Member of the Wisconsin Senate from the 3rd district
- In office January 2, 1899 – January 5, 1903
- Preceded by: Ernst Timme
- Succeeded by: Otis Wells Johnson

Member of the Wisconsin State Assembly from the Kenosha County district
- In office January 7, 1895 – January 2, 1899
- Preceded by: George H. Kroncke
- Succeeded by: S. Dwight Slade

Personal details
- Born: July 25, 1852 Randall, Wisconsin, U.S.
- Died: June 30, 1934 (aged 81) Pontiac, Illinois, U.S.
- Resting place: South Side Cemetery, Pontiac, Illinois
- Party: Republican
- Spouse: Caroline M. Slade (died 1937)
- Children: Clarence F. Reynolds; (b. 1883; died 1924);
- Education: Platteville Normal School
- Occupation: Farmer

= John F. Reynolds (politician) =

American politician (1852-1934)

John F. Reynolds (July 25, 1852 – June 20, 1934) was an American farmer and Republican politician.
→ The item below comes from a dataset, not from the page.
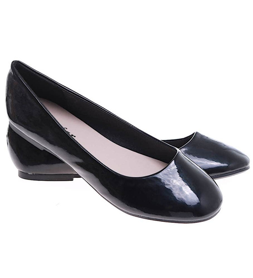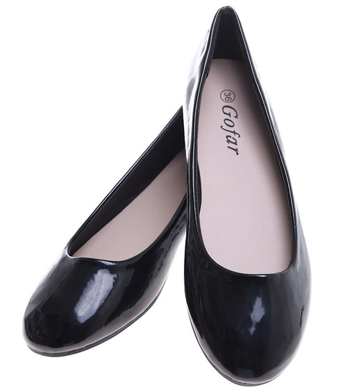 - Wykonane z błyszczącego materiału skóropodobnego, te baleriny łączą wygodę z dobrym wyglądem.

He was a member of the Wisconsin State Senate (1899-1902) and State Assembly (1895-1898), representing Kenosha County.

==Biography==
Reynolds was born on July 25, 1852, in Randall, Wisconsin. His education included attending what is now the University of Wisconsin-Platteville. Reynolds was a farmer by trade.

==Political career==
Reynolds was elected to the Assembly in 1894 and 1896. He was a member of the Senate during the 1899 and 1901 sessions representing the 3rd District. Additionally, Reynolds was Chairman (similar to Mayor) of Randall. He was a Republican.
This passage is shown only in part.